To nie jest wycieczka dla osób z nadwagą




Tędy wiedzie dalsza droga




Przewodnikowi zajęło to kilka sekund




Proszę za mną!








Po drugiej stronie ktoś zostawił kilka cegieł, aby łatwiej można było pokonać przeszkodę




Siedmioosobowa grupa uznała, że to odpowiedni moment na posiłek. Postój miał miejsce w bocznej salce wydrążonej nie wiadomo kiedy, nie wiadomo przez kogo




Przy wejściu do groty wisi mała "instalacja artystyczna", przypominająca gdzie znajdują się zwiedzający




Kolacja przy winie i świecach








Po szybkim posiłku i opowiedzeniu kilku historyjek czas na dalszy marsz




Tym razem Pan X zaprowadził wycieczkę do starego schronu przeciwlotniczego, leżącego prosto pod urzędem pocztowym




To przestronne pomieszczenie często jest odwiedzane przez grafficiarzy




Pochodnie pozwalają podkreślić klimat pomieszczenia




Schody na górę prowadzą do pomieszczeń pocztowych, prawdopodobnie kończą się dawno zamkniętymi drzwiami, o których nikt nie pamięta








Kiedyś katafile zorganizowali tu całkiem duże przyjęcie




Dziś schron jest pusty i robi niesamowite wrażenie




















Kiedy grupa przystanęła aby odpocząć, okazało się, że nie są sami...

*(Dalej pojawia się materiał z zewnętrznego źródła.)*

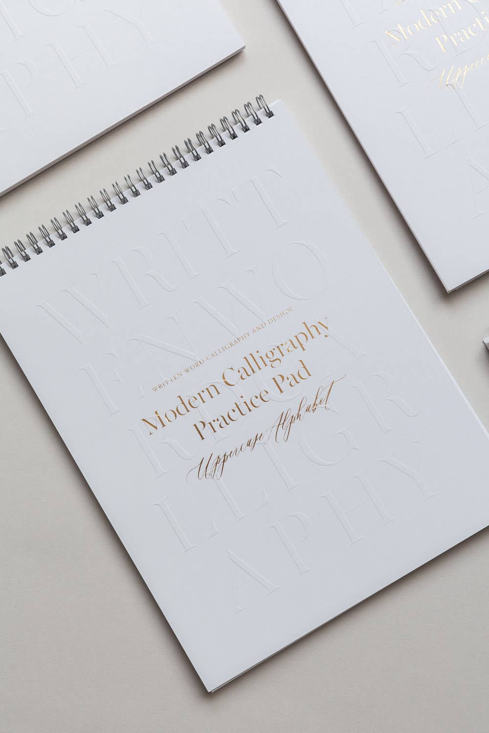 A 60-paged practice pad for learning and developing your own modern calligraphy style. This practice pad covers the basic tools and how-to’s, uppercase alphabet, numerals, connecting letters into words, and words into phrases.

...towarzyszą im mali mieszkańcy katakumb




Mimo że poruszają się i na pierwszy rzut oka wyglądają jak pająki, to bliżej im do jakichś świerszczy




Wydawało się, że to chwila, a wycieczka trwała ponad 4 godziny




Tak samo jak na początku było długie zejście, teraz trzeba się wspinać




Na powierzchni trzeba sprawnie wyjść ze studni, zamknąć właz i...




Szybko zniknąć udając, że nic się nie wydarzyło

Źródła: 1, 2, 3.
9

Oglądany: 96374x | Komentarzy: 38 | Okejek: 716 osób

Dobra, dobra. Chwila. Chcesz sobie skomentować lub ocenić komentujących?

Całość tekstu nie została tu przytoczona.